» **TASK REQUIREMENTS**: Every line from the one holding "altijd weer goed.’" to the end of the entries should be repeated exactly, with the pictures left out.

» **DATA PROVIDED**:
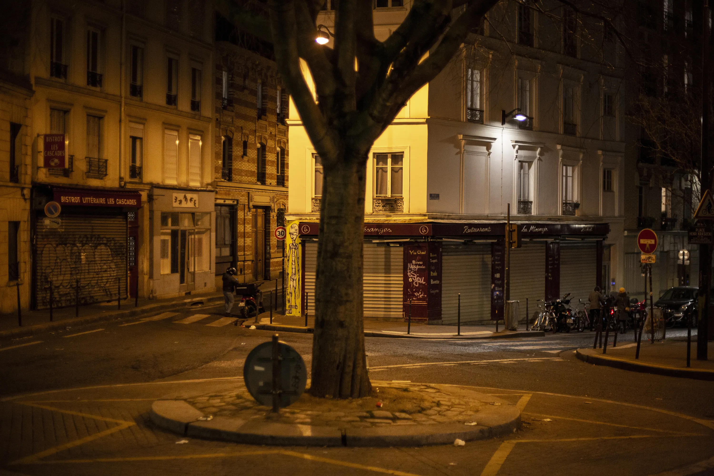 View of an empty street as the 6 p.m curfew starts in Paris, France, Friday, February 26, 2021. The curfew is to cover the whole country, including zones like Paris, where it previously hadn't started until 8 p.m. (Photo by Rafael Yaghobzadeh/AP Photo)
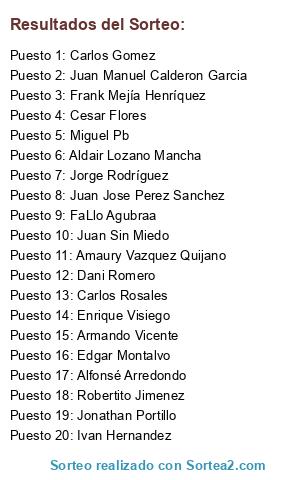 Lista de participantes: Robertito Jimenez, Edgar Montalvo, Carlos Rosales, Jonathan Portillo, Juan Jose Perez Sanchez, Enrique Visiego, Aldair Lozano Mancha, Juan Sin Miedo, Alfonsé Arredondo, Carlos Gomez, Amaury Vazquez Quijano, Juan Manuel Calderon Garcia, Armando Vicente, FaLlo Agubraa, Cesar Flores, Frank Mejía Henríquez, Dani Romero, Jorge Rodríguez, Ivan Hernandez, Miguel Pb.
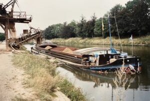 ‘Wonen op het water vond ik op den duur niet meer genoeg. Ik wilde varen, dat maakte mijn gevoel van vrijheid nog sterker. Ik kocht de Jason, een kempenaar van 50 meter, en voer er vijf jaar lang mee als vrachtschipper. Dat ging niet meteen heel soepel. In het begin verkeek ik me op de grote massa van zo’n schip en veroorzaakte ik soms wat schade. Toch kwam het altijd weer goed.’
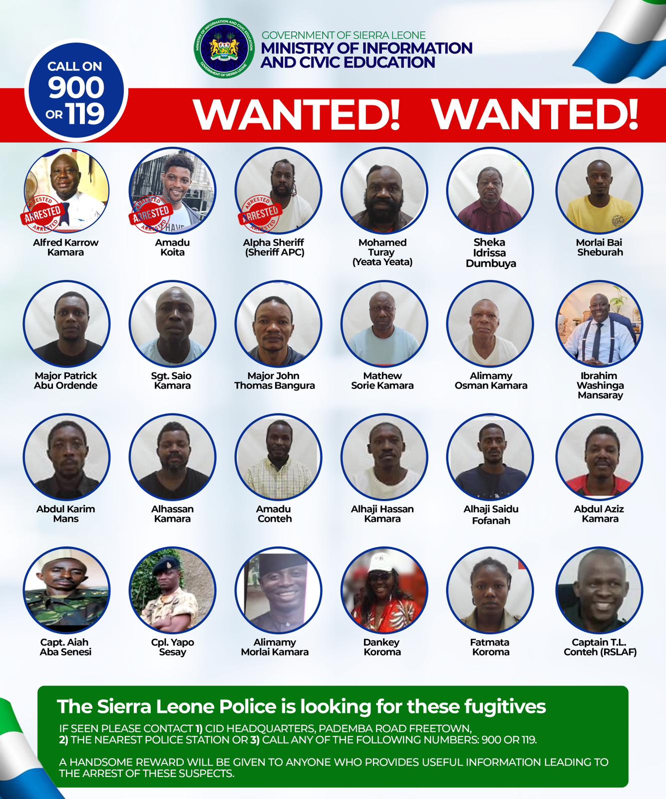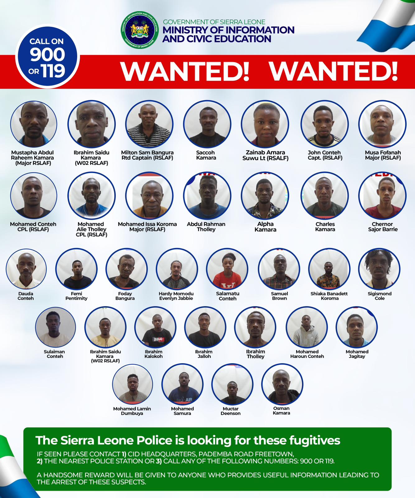 The Sierra Leone Police has released an updated list of wanted fugitives of the November 26th failed coup attempt.
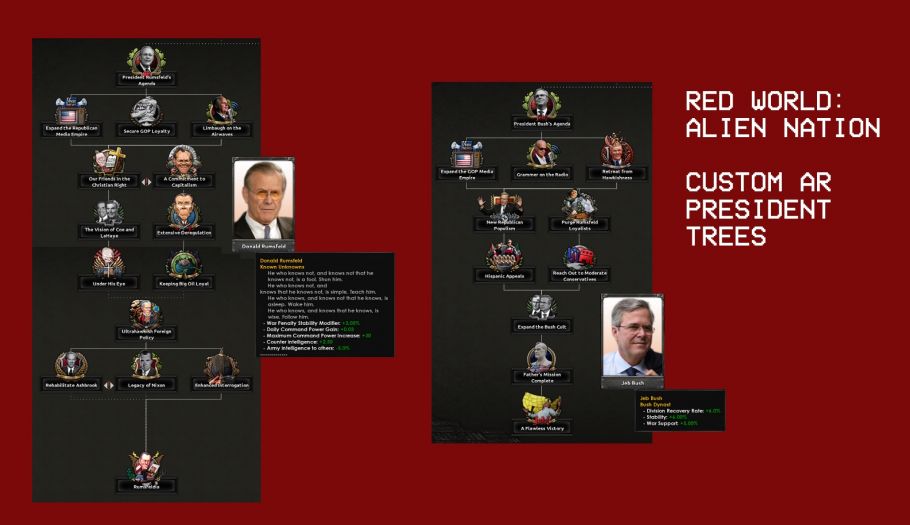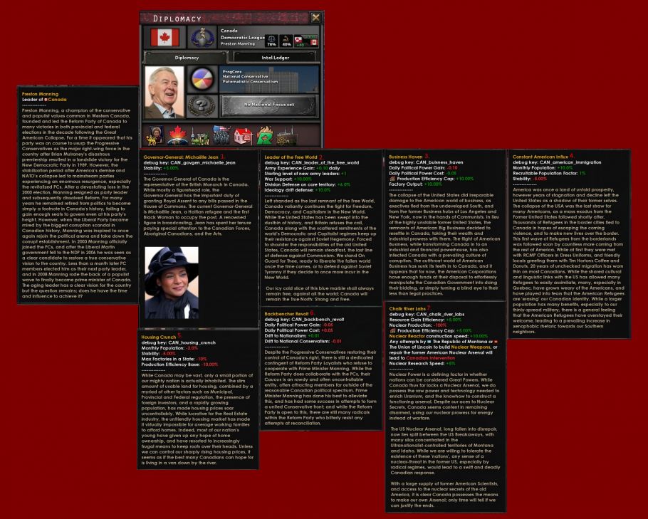 Red World: Risen from the Ruins добавляет полный контент для Канады и Германской Демократической Республики, включая более 400 фокусов, более 200 событий и более 500 элементов пользовательской графики для каждой страны.
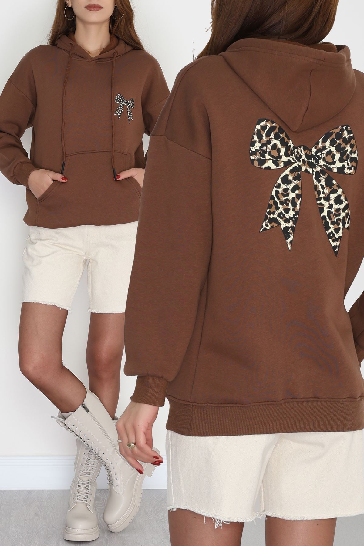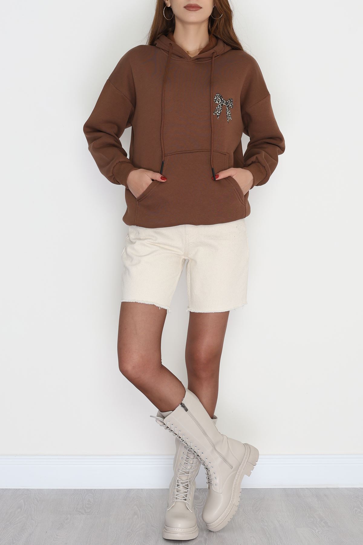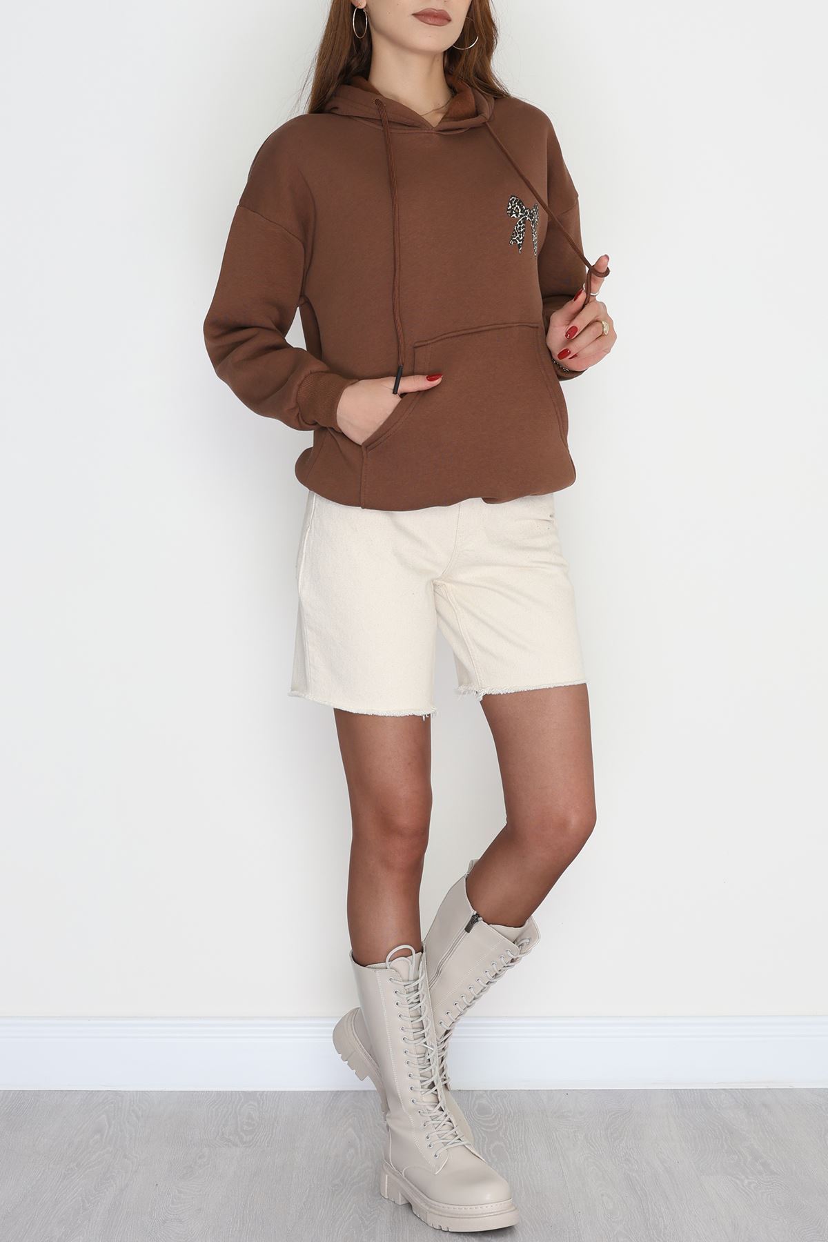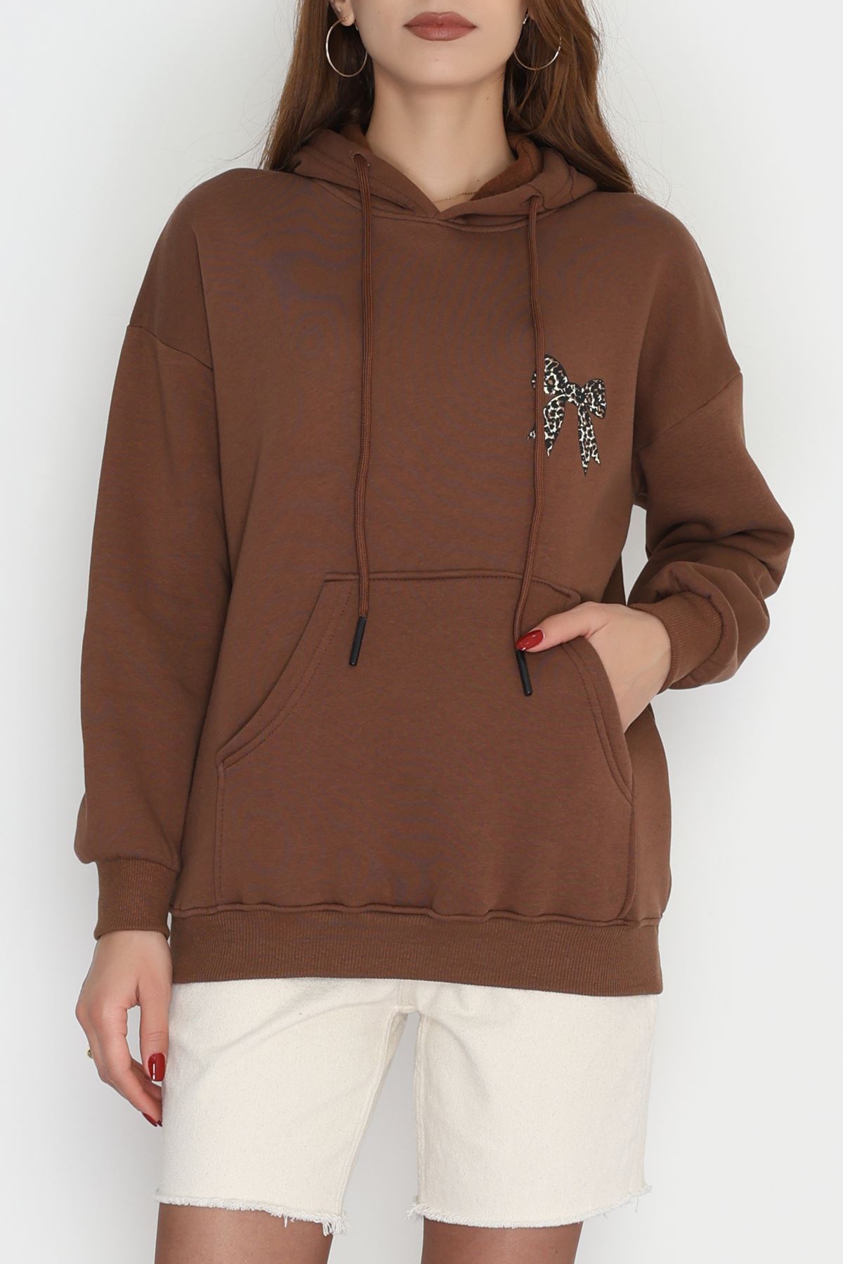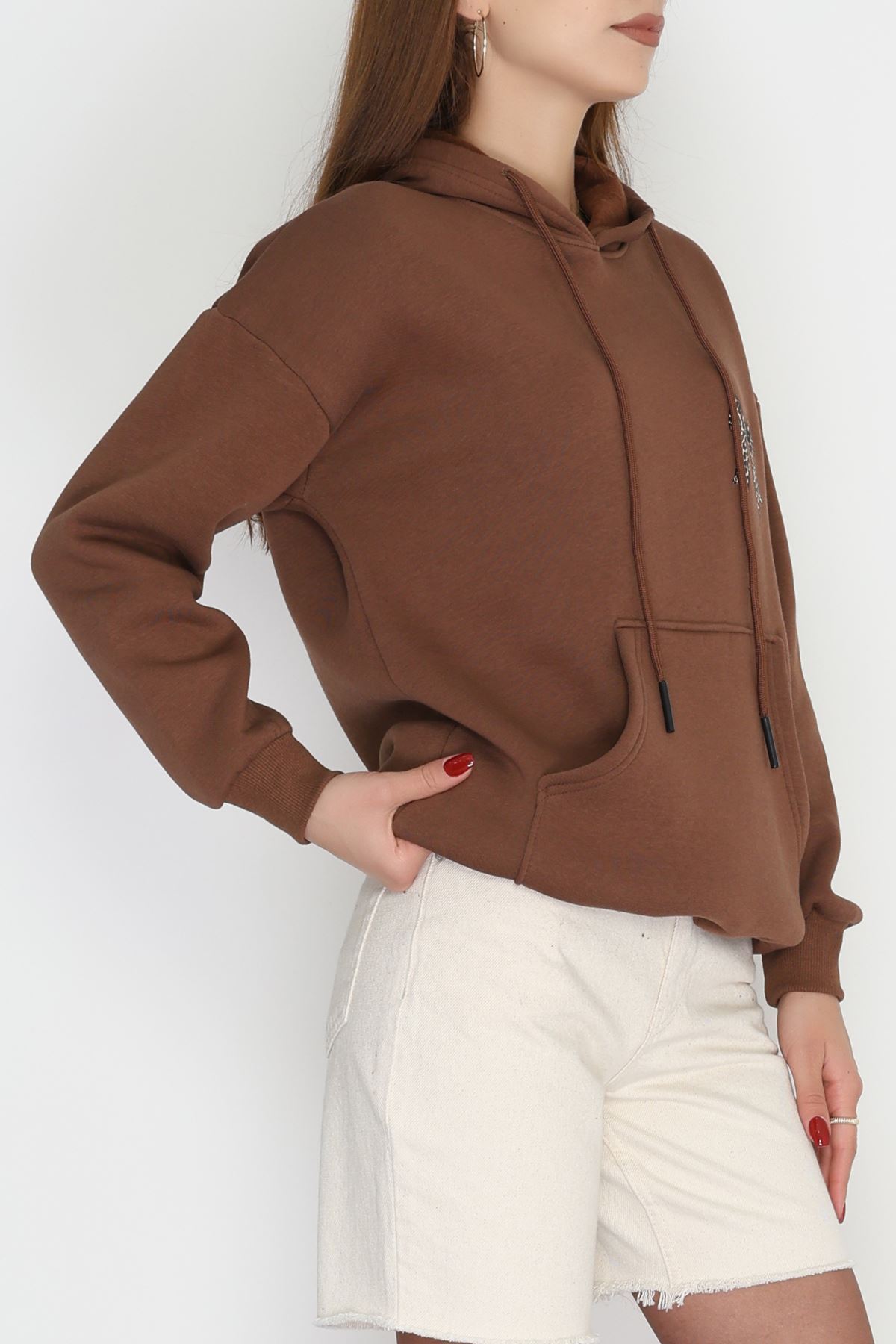 3 İplik Kanguru Cepli Kapşonlu Sweat Kahve - 42251.1878.

» **SOLUTION FOR THIS EXERCISE**:
 ‘Wonen op het water vond ik op den duur niet meer genoeg. Ik wilde varen, dat maakte mijn gevoel van vrijheid nog sterker. Ik kocht de Jason, een kempenaar van 50 meter, en voer er vijf jaar lang mee als vrachtschipper. Dat ging niet meteen heel soepel. In het begin verkeek ik me op de grote massa van zo’n schip en veroorzaakte ik soms wat schade. Toch kwam het altijd weer goed.’
 The Sierra Leone Police has released an updated list of wanted fugitives of the November 26th failed coup attempt.
 Red World: Risen from the Ruins добавляет полный контент для Канады и Германской Демократической Республики, включая более 400 фокусов, более 200 событий и более 500 элементов пользовательской графики для каждой страны.
 3 İplik Kanguru Cepli Kapşonlu Sweat Kahve - 42251.1878.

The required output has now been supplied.